Moving some risk analysis upfront in the food chain of the deal intra-day is continuing to be best practice for effective deal making and prudent risk management. Front office technology with imbedded risk tools, ability to explore depth of market for opportunities and to perform ‘what-if’ scenarios continues to be sought after by firms looking to remain competitive. The uniqueness of the sponsored repo risk profile is another notch in the business case approval chain to justify the expense and demonstrate the value proposition of the investment.


While monitoring credit limits at the desks on a real-time basis at the parent, client and relationships level are becoming the norm for front office risk management, there are some nuances specific to sponsored repo firms should consider when examining modifications to their internal and client-facing risk policies and procedures. While this is not an exhaustive list, they are risk views that have a heightened priority as a result of sponsored repo offerings.
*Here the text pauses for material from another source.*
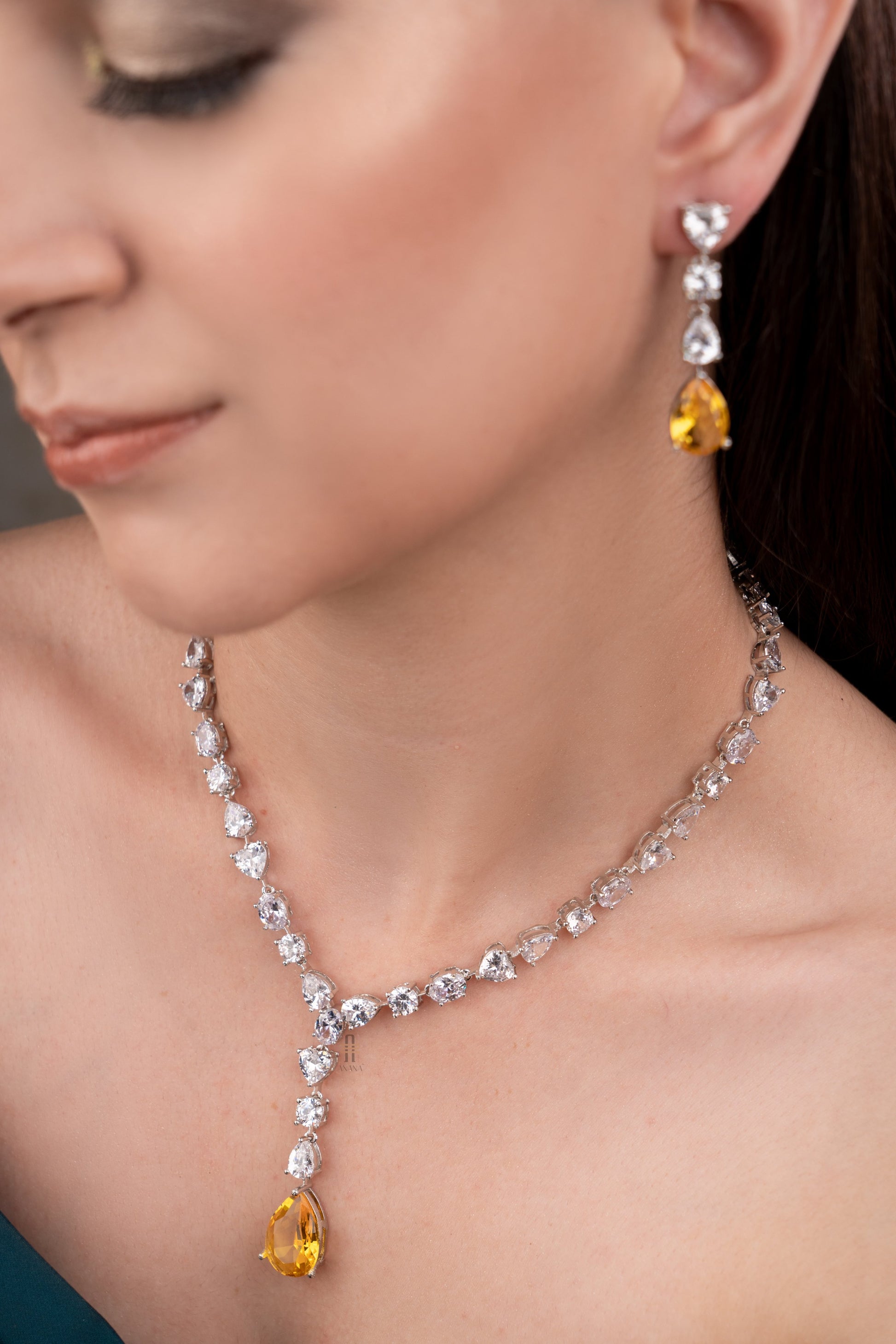 High Polish Silver Tone Finish With Primum Quality Zircon Necklace Set

FICC-Facing Risk Monitoring

  • The Sponsoring Member is responsible to FICC for posting all of the Clearing Fund associated with the activity of the Sponsoring Member Omnibus Account, which is calculated twice daily on a gross basis (i.e., for Clearing Fund calculation purposes, each Sponsored Member’s trading activity is VaR margined separately and the sum of those total VaR charges is collected and held by FICC separate from the Clearing Fund posted by the Sponsoring Member for its proprietary activity).
  • Liquidity needs created by activity in the Sponsoring Member Omnibus Account will be considered when calculating the Sponsoring Member’s CCLF requirements. Examining CCLF parameters and dynamics is helpful to understand the domino effect of sponsored repo activity to the member’s overall liquidity needs with FICC.
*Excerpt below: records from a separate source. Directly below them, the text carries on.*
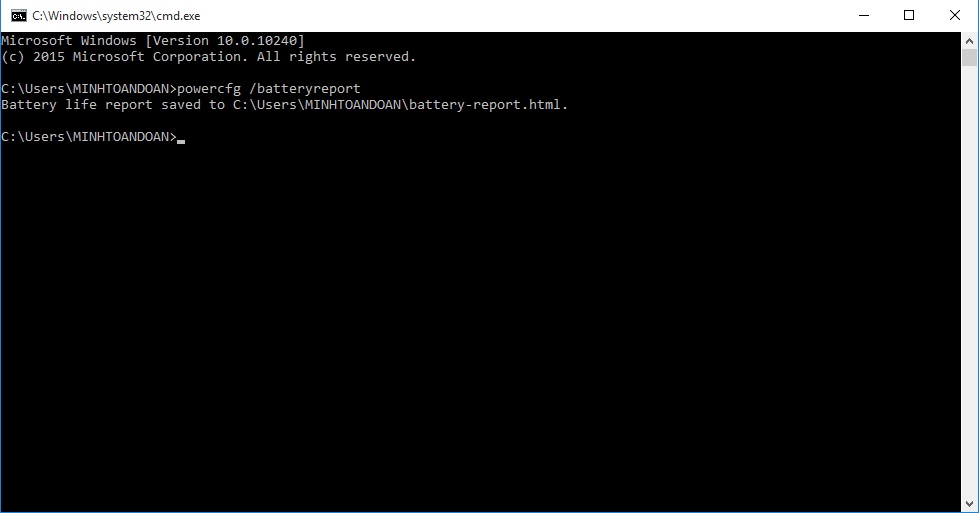 Bước 2: Nhập “powercfg /batteryreport” và nhấn Enter.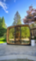 10FT long Western Red Cedar panoramic glass square barrel sauna with rounded corners, curved walls (1FT overhang). 8FT W x 8.5FT H. Features: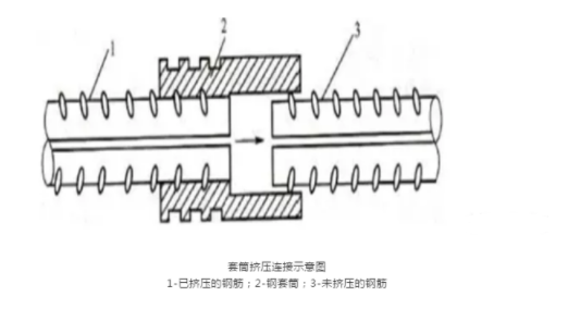 通过钢筋与连接件的机械咬合作用使两根钢筋连接在一起。常用的钢筋机械接头有挤压套筒接头、锥螺纹套筒接头和直螺纹套筒接头。

Client-Facing (Sponsored Member) Risk Monitoring

  • Exposure to each client and types of collateral/substitution options for individual deals and book of business management ongoing.
  • Monitoring client exposure risk vs. size/type of deals in place with each client to maintain weighing of risk tolerances for the book of business per client.
  • Firms must consider that the risk for each sponsored repo deal and the exposure to the underlying Sponsored Member needs to be examine and adjusted with market conditions and material changes to both Sponsored and Sponsoring Members firms.
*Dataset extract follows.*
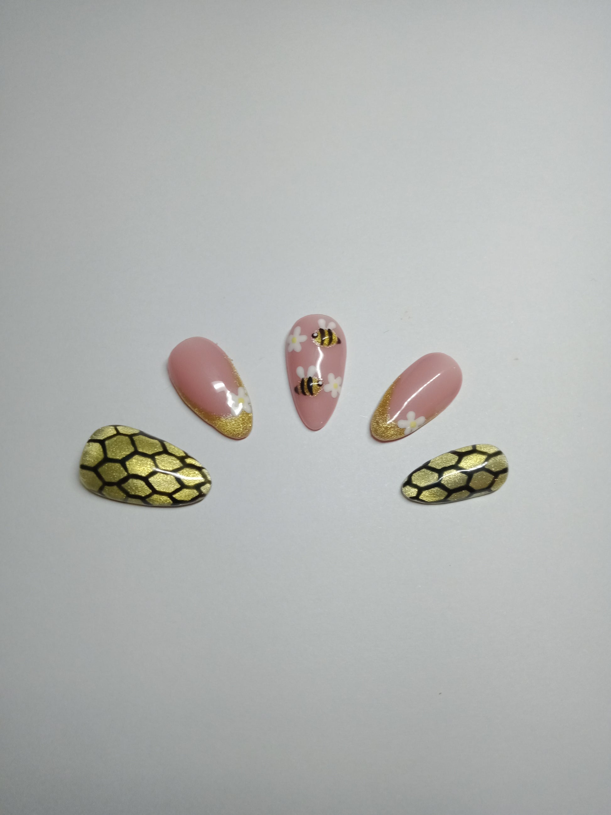 Bee's Bliss is a nude with yellow cat eye French tip, yellow cat eye with black lining honeycomb, white flowers and cat eye bees.

  • Sponsored repo does not show any signs of diminishing in popularity. It is an attractive way for sell-side clients to re-engage their buy-side clients (especially pension and insurance) While offering increased balance sheet optimization and capital efficiencies for Sponsoring Members. As well, during the Covid-driven liquidity crisis, sponsored repo has served as an attractive tool for Sponsoring Members in reducing liquidity risks and exposure.
  • The appeal to Sponsored Members is equally compelling, all of which indicates this deal type will continue to grow for the foreseeable future. As this book of business grows in firms and the markets uncertainly of Covid prevails, the need to understand the unique risk profile it yields and the need for tools to adequately monitor deal and end-to-end book of business risk will increase in stride.
  • It is the understanding of these risk exposure’s and the nature of sponsored repo deals that will aid Sponsoring Member firms in achieving approvals for launch and business case expansion faster. In addition, understanding the risk profile and the role they play with their clients, the Sponsored Members, and with FICC will also help firms explain these deals to their prospects for growing the book of business.
  • Given sponsored repo has grown substantially in the last year and shows no signs of slowing down, firms will continue to strive to understand risk exposure and make investments in platforms to manage all facets of sponsored repo including back office, trading and risk tools to bring adequate monitoring and expedite deal making and deal capturing capabilities.